Paul Mintus, z”l, died on December 27. Paul, who grew up in the Bronx and loved dancing and folk music, was a documentary filmmaker on Native American reservations. In his interview, he reflected on his parents’, as well as his own, relationship with Yiddish, shared memories of his time on the reservation, and spoke about the importance of knowing and connecting with one’s roots. Watch his full interview here.
Ruth Warshavsky Zeitlin Dropkin, z’’l, poet and daughter-in-law of Celia Dropkin, died on November 25. In her 2016 interview with the Wexler Oral History Project, Ruth reflected on her childhood in New York City and described the experience of meeting her husband, John Dropkin. She went on to share various memories and reflections on the work of her mother-in-law, the famous Yiddish poet Celia Dropkin, and to discuss her own involvement in translating some of those works. Finally, Ruth talked about her own writing projects and her relationship with Yiddish. Watch her full interview and excerpts.
Sara Tepper, z’’l, Yiddish speaker born in Poland, died in the spring. In her interview, Sara describes her family and shtetl (small town in Eastern Europe with a Jewish community) of Kletsk in the Russian Empire. She recounts her childhood experiences as an immigrant to the United States and her memories of living in the Coops Housing Cooperative and discusses the role of Yiddish throughout her life. In addition to being an amazing storyteller, Sara was a delight through all of our ongoing correspondence, and she developed warm relationships with many among our staff. Watch her full interview and excerpts.
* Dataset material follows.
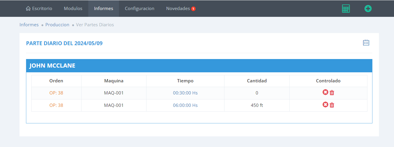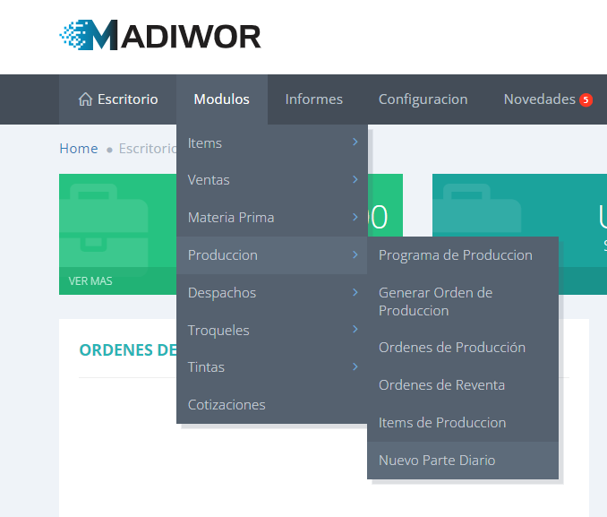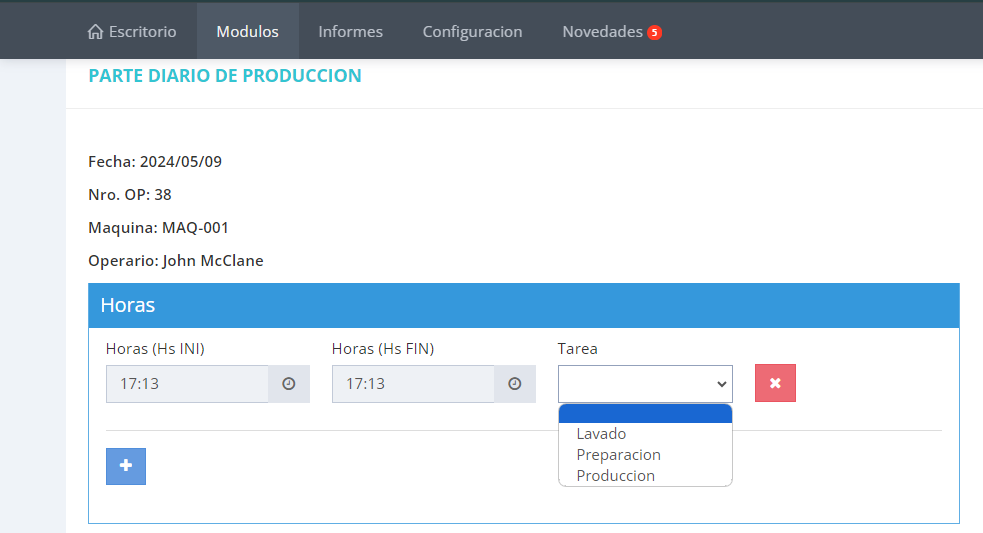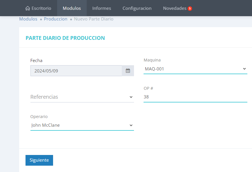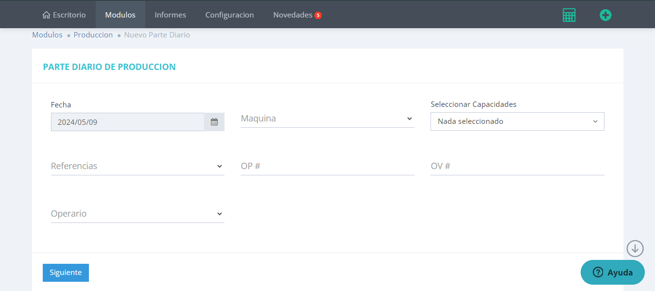 Ir a Módulos > Producción > Nuevo Parte Diario

Shura Grinhoyz-Turkow, z’’l, Yiddish actress and activist born in Bialystok, died on September 7. Shura got her start on the Yiddish stage as a young woman in Bialystok and performed with the famous Ida Kaminska Yiddish Theater in Warsaw in the post-war years. She was a tireless advocate of Yiddish culture in Israel, where she lived the second half of her life. We had the fortune of getting to know and interview Shura in Tel Aviv in 2014. Watch her full interview and excerpts.
William (Volfke Zev Gdud) Good, z”l, physician and survivor of the Holocaust, died on December 25. Born in 1924, he grew up near Vilna and, after World War II, studied medicine in Italy before eventually immigrating to the United States. William spoke ten languages and was a beloved community physician in La Puente, California, where he was known for his kindness, humor, and devotion to his patients. He was interviewed for the Project in 2016 by Christa Whitney, with whom he also traveled to Lithuania in 2019 as part of the Helix fellowship. In his 4-hour interview, William shares many stories of his childhood in Lithuania, as well as memories of the Holocaust and his experiences in Italy and the United States. Watch his full interview and excerpts.
Zeva Greendale Roschko, z’’l, Yiddish teacher, former public-school teacher, and activist, died on July 28. Zeva was born in Brooklyn, New York, in 1925 to parents who had come to the United States from Ukraine and Poland. She grew up immersed in Yiddish culture, studying Yiddish through mitlshul (high school) and attending Camp Kinderland, which had a profound impact on her. In her interview, Zeva also discusses her experiences as a teacher in the New York City public school system, her connection to synagogue life through her second husband, and her love of Yiddish folk music. Zeva remained dedicated to Yiddish language and culture throughout her life, continuing to teach and promote Yiddish through her later years. Watch her full interview and excerpts.